INPUT DATA:

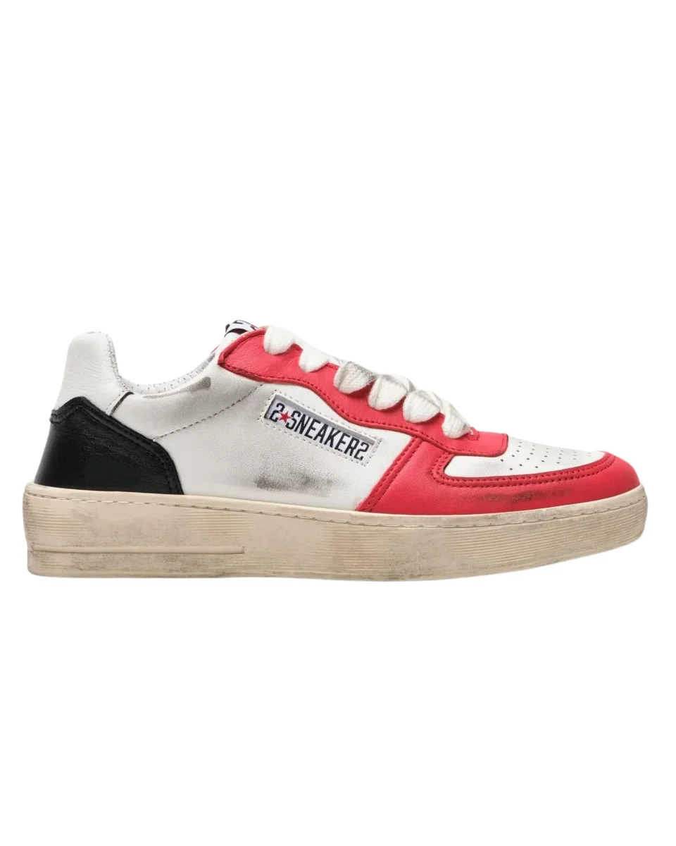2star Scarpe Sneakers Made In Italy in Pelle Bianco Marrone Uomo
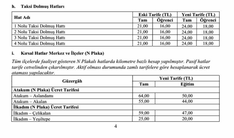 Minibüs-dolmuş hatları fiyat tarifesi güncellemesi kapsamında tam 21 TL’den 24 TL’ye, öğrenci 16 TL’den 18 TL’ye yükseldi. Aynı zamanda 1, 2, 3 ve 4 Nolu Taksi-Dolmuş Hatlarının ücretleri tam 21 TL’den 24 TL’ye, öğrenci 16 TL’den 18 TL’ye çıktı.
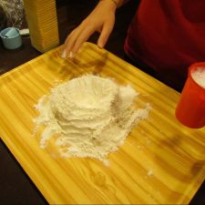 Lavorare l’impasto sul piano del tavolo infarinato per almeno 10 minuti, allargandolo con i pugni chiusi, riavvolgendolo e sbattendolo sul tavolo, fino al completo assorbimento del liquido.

YOUR ASSIGNMENT: From the opening line of the listing above through the line bearing "Minibüs-dolmuş hatları fiyat", repeat each line exactly. Drop every picture.

TASK SOLUTION:
2star Scarpe Sneakers Made In Italy in Pelle Bianco Marrone Uomo
 Minibüs-dolmuş hatları fiyat tarifesi güncellemesi kapsamında tam 21 TL’den 24 TL’ye, öğrenci 16 TL’den 18 TL’ye yükseldi. Aynı zamanda 1, 2, 3 ve 4 Nolu Taksi-Dolmuş Hatlarının ücretleri tam 21 TL’den 24 TL’ye, öğrenci 16 TL’den 18 TL’ye çıktı.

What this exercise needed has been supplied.